Sector optimism centres on the successful vaccine rollout, easing unemployment concerns, and a strong housing market, but has the market now priced in too much good news?
Yes, many people have built up cash savings during lockdowns, so there is capacity to spend in shops, yet others face post-pandemic employment uncertainty, particularly within the younger cohort, which could rein in spending.
Retailer Next (NXT) is at an all-time high of £83.20 after upgrading annual profit guidance following a post-lockdown sales surge, while Greggs (GRG) hit a record £25.91 after it reported a strong recovery in sales since the easing of restrictions.
Greggs believes 2021 profits are likely to be materially higher than its previous expectation and could be around 2019 levels of £114.2 million in the absence of further restrictions.
Other rallying retailers include reopening beneficiaries such as arts, crafts and book seller The Works (WRKS) and greetings cards retailer Card Factory (CARD), whose post-reopening performance exceeded expectations.

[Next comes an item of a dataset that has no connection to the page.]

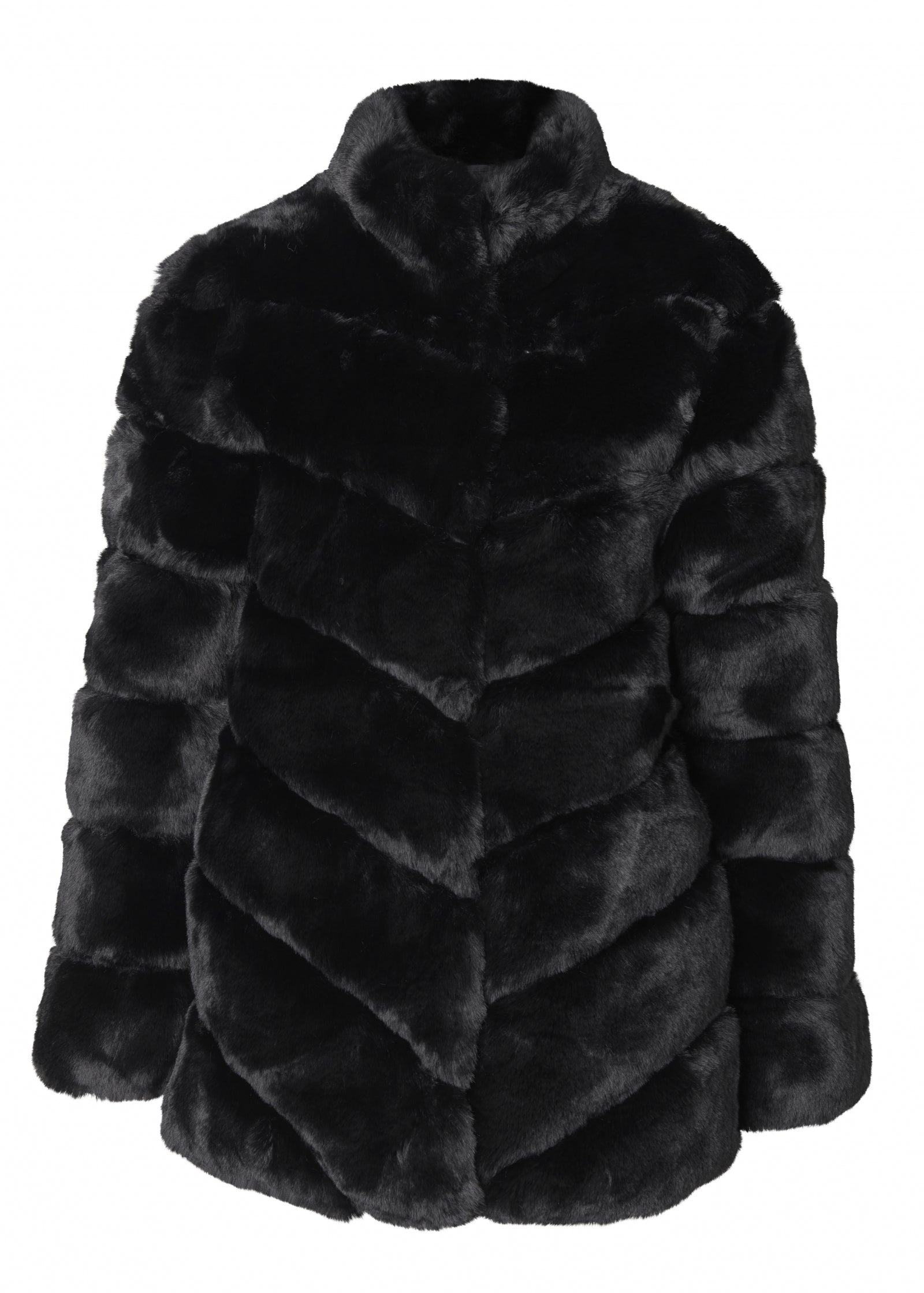 Lite längre jacka i svart fuskpäls, med tryckknappar, från svenska Hollies.

One of the most eye-catching movers is Superdry (SDRY), up 76% year-to-date. Its shares surged on news of a very strong end to its financial year and an upbeat outlook.
While the flurry of upgrades is welcome, investors shouldn’t ignore the caution expressed by some of the sector’s savviest management teams.

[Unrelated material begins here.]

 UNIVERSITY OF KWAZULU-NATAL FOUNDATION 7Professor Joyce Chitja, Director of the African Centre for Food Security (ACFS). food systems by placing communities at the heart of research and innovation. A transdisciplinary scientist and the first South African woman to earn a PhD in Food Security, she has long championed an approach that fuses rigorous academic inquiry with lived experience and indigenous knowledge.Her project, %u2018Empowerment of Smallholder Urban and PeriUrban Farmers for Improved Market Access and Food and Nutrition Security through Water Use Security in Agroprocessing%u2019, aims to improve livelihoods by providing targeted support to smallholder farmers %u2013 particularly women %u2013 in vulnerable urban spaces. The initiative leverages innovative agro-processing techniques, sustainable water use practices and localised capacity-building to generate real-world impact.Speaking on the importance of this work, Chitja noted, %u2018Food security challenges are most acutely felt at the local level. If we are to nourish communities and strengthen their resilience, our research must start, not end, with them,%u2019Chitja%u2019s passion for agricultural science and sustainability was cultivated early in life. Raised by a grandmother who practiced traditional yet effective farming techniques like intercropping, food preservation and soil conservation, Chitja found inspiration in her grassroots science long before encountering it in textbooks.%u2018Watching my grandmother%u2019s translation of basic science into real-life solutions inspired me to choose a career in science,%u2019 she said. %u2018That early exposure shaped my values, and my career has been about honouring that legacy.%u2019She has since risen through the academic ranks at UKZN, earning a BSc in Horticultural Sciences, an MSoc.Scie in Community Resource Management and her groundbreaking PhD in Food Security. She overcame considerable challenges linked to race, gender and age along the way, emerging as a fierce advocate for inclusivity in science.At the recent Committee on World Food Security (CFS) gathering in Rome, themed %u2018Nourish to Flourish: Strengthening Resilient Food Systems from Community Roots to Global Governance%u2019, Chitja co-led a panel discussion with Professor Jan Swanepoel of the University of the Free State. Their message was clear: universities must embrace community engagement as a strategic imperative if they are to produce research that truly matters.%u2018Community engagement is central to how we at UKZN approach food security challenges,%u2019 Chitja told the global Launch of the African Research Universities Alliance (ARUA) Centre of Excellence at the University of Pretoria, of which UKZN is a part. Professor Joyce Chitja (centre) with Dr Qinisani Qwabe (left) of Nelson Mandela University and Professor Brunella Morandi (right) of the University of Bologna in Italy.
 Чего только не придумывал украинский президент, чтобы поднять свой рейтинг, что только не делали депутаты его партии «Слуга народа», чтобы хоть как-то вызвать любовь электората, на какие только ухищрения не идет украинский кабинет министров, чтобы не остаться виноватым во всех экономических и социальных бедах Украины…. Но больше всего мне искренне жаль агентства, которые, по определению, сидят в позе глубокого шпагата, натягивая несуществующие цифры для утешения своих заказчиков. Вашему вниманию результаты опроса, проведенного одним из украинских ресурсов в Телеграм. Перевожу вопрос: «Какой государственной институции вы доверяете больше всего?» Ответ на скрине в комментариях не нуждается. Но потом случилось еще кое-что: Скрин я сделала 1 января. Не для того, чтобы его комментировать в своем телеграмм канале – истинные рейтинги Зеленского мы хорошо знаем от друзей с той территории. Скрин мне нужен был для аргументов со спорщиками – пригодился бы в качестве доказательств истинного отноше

Greggs warned that ‘considerable uncertainty remains’, while Next cautioned that recent strong sales growth was due to pent-up demand built up over the last three months and is unlikely to be indicative of demand for the rest of 2021, adding that ‘evidence from last year suggests that this post lockdown surge will be short lived’.
All eyes now turn to results from high street stalwart Marks & Spencer (MKS) on 26 May to see how its clothing sales have fared in recent weeks.
An update from Kingfisher (KGF) will be keenly watched on 20 May given how DIY demand appears to be holding up very well, albeit product shortages could be an issue. On the same day will be an update from Watches of Switzerland (WOSG) where investors will be hoping it follows other luxury goods sellers in reporting strong sales.